O território está incluído no mapeamento de pedidos de concessão para exploração de minério que abrange praticamente todo o Alto Vale do Ribeira. São mais de 120 empresas solicitando extração de mineração; alguns pedidos estão em processo, outros em análises. Nas proximidades da comunidade está em andamento a construção da ponte Itaoca que liga os estados de São Paulo e Paraná sobre o rio Ribeira, uma obra pública que certamente atenderá o escoamento da extração do minério e substituirá a travessia de balsa. 


“Esses empreendimentos ameaçam a extinção praticamente de todos os territórios dos quilombolas do Vale”


Para Osvaldo dos Santos, uma das lideranças da comunidade, a presença da Comissão da CNBB é para além da visibilidade da luta do território. Ele define que a presença da CEEM junto às demais organizações contribui para mostrar o novo modelo de escravidão que os quilombos sofrem diariamente. “Esses empreendimentos ameaçam a extinção praticamente de todos os territórios dos quilombolas do Vale. Nós somos centenários, temos direito a preservar a memória dos nossos ancestrais e nosso modo de vida. A mineração destrói sonhos, vidas e tudo que é sagrado. Lutamos pelo direito de viver em paz e pela reparação de nossos direitos” - ressaltou Osvaldo.

 

Padre Joaquim Rosa, svd, que é filho do quilombo, afirma que a presença da delegação é importante para o povo que grita por socorro. “Este momento para o Quilombo é mais um passo de enfrentamento para o povo tradicional quilombola. A Comissão escutou o clamor do povo e através de seus conhecimentos e partilha colabora com os processos de luta da comunidade e todo o território”.  Conclui o padre Joaquim. 

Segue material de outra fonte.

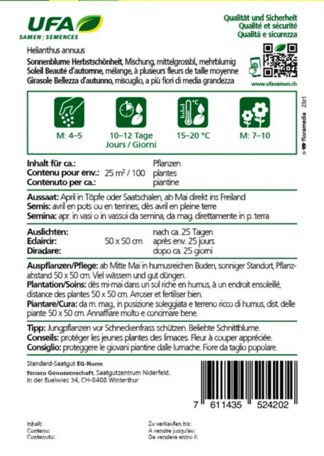 Die Sonnenblume 'Herbstschönheit' kann ab Mitte April direkt ins Freie gesät werden. Wer früher Blüten sehen möchte, kann schon ab März im Haus oder Frühbeet vorziehen. Damit sie lange blüht, bis in den Herbst hinein, lohnt sich eine gestaffelte Aussaat bis Anfang Juni. Herbstschönheit passt gut in naturnahe Gärten, Blumenbeete und eignet sich auch als schöne Schnittblume für spätsommerliche Sträusse. Besonders gut kombiniert man sie mit Zinnien, Cosmeen oder Kornblumen.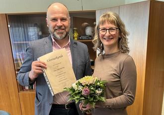 Zum 25-jährigen Dienstjubiläum gratulierte Amtsdirektorin Tobias Hentschel der Mitarbeiterin der Hauptverwaltung Steffi Balting. Die Burgerin hat bereits ihre Ausbildung im Amt Burg (Spreewald) absolviert sowie von 2012 bis 2015 das Studium zur Verwaltungsfachwirtin. Seit 2009 ist sie für das Personalwesen zuständig.

Comunidades quilombolas do Médio Ribeira ameaçadas

Na comunidade quilombola de André Lopes, localizada no médio Ribeira em Eldorado (SP), representantes de várias comunidades apresentaram os diversos desafios enfrentados. As comunidades destacaram a longa trajetória de luta e resistência dos povos do Vale, que garantiram conquistas e direitos dos territórios com a presença da Igreja Católica desde a década de 1970. “O momento atual não é diferente de outros tempos”, disse uma das lideranças, referindo-se à expansão das atividades mineradoras na região. Em um círculo reunido em volta de um pilão, no centro, uma faixa que enfatiza o valor do Rio Ribeira como patrimônio da humanidade, as lideranças expressaram suas principais preocupações.


Entre apontamentos, as comunidades falaram sobre as recentes abordagens do Serviço Geológico Brasileiro de Pesquisas nos territórios, do qual as comunidades vetam a entrada. A empresa, que se caracteriza como mista, cujos interesses atrelam parcerias entre o público e o privado, tem a função de pesquisar tipos de minérios, localização e processos. Depois das análises, a empresa apresenta as informações ao mercado de exploração. É uma forma grave de ameaças aos territórios. 


Nas áreas em que as mineradoras invadiram, além dos estragos, as comunidades enfrentam os avanços de grupos que ameaçam com a exploração de minérios, barragens e plantação de Pinus, que geram grandes impactos socioambientais. 


“Não bastasse tudo isso, lutamos pela demarcação e titulação de nossos territórios”


Os grandes empreendimentos, além de avançar contra as comunidades na região, desenvolvem discurso e ações persuasivas capazes de cooptar os jovens das comunidades com a promessa de melhorias de vida. Os povos locais mantêm atualizado seus conhecimentos para evitar avanço dos grandes empreendimentos e o garimpo ilegal. As comunidades buscam o diálogo com os órgãos de representação pública, para debater sobre a mineração “legal” e ilegal. As comunidades possuem um Protocolo de Consulta Prévia dos Territórios do Vale do Ribeira/SP, que fortalece a reivindicação e permanência das comunidades quilombolas, respeitando seu modo de vida. 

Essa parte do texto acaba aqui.